Senior Data Scientist

1 point system

Chicago, IL • Remote

Contractor

Posted 7 days ago


Job description

Complete JD:

Job Title

Senior Data Scientist

Location

Remote

Type of Hire

4 months contract

  

They strictly want candidates from Insurance/ Claim with risk management background.

The Sr Data Scientist will design and implement machine learning and NLP solutions for a claims and incident mitigation analytics project. This role will help risk management teams identify high-risk incidents earlier, classify claims by likely severity and financial impact, and provide explainable insights that support faster intervention. The position responsibilities outlined below are not all encompassing.
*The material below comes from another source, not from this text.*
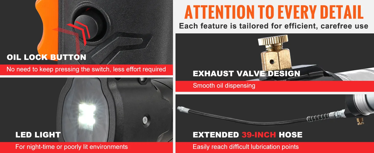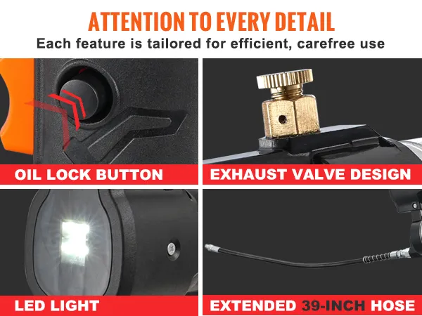 The grease gun's LED light keeps you going in low-light conditions. The 39-inch extended hose lets you reach those tricky spots with ease. Every detail is about making your work more convenient and efficient.

Other duties, responsibilities, and qualifications may be required and/or assigned as necessary.

 

POSITION RESPONSIBILITIES:
• Translate risk management business requirements into well-defined data science solutions, including incident prioritization and claim severity classification.
• Profile, clean, and prepare claims and incident data for analytics, modeling, and scoring.
• Develop feature engineering logic using structured and unstructured claims and incident data.
• Apply NLP and text-processing techniques to claim and incident narratives to extract useful risk signals.
• Develop record-linkage approaches to connect incidents and claims when a clean unique identifier is not available.
• Build and validate models that rank incidents by likelihood of becoming claims or requiring Risk Management intervention.
• Build and validate claim severity models that classify claims by likely financial impact and high-dollar claim risk.
• Generate explainability outputs, including key risk drivers and business-readable reasons for flagged incidents or claims.
• Collaborate with Risk Management, Legal, Data Engineering, BI, Data Governance, and MLOps partners to deliver usable business outputs.
• Monitor model performance, drift, scoring quality, and retraining needs.
• Document modeling assumptions, feature logic, validation results, limitations, and handoff requirements.
• Ensure data science work follows data governance expectations, including appropriate handling of PII and sensitive fields.
• Present findings, model results, and recommendations to business and technical stakeholders in a clear, actionable manner.

 

EXPERIENCE AND QUALIFICATIONS:

 

Required Skills -
• Strong experience building supervised machine learning models, especially classification, ranking, and severity / risk scoring models.
• Strong experience with data profiling, data cleaning, feature engineering, model validation, and model evaluation.
• Experience working with messy, sparse, real-world enterprise datasets.
• Strong Python and SQL skills.
• Experience with NLP or text analytics, including narrative cleaning, text classification, embeddings, keyword extraction, or summarization.
• Experience with probabilistic record linkage, entity resolution, fuzzy matching, or deduplication.
• Experience explaining model outputs using feature importance, SHAP, reason codes, or other explainability methods.
• Experience working with Snowflake or similar enterprise data warehouse platforms.
• Experience supporting batch scoring, model monitoring, and production handoff.
• Strong understanding of data governance, sensitive data handling, and PII masking or exclusion.
• Excellent communication and teamwork skills.

PREFERRED SKILLS:
• Experience with insurance claims, risk management analytics, litigation analytics, fraud detection, or safety analytics.
• Experience with claim severity modeling or high-dollar claim prediction.
• Experience with AWS, SageMaker, or similar cloud-based data science environments.
• Experience supporting BI outputs in Tableau, Power BI, Looker, or similar tools.
• Familiarity with MLOps best practices, model versioning, monitoring, and retraining workflows.
• Exposure to hospitality, property operations, guest experience, or enterprise safety data.
• Proven ability to translate complex analytics into practical business workflows and measurable impact.

EDUCATION:
Master's degree in computer science, statistics, data science, industrial engineering, operations research, mathematics, or related field preferred. Bachelor's degree with strong relevant experience acceptable.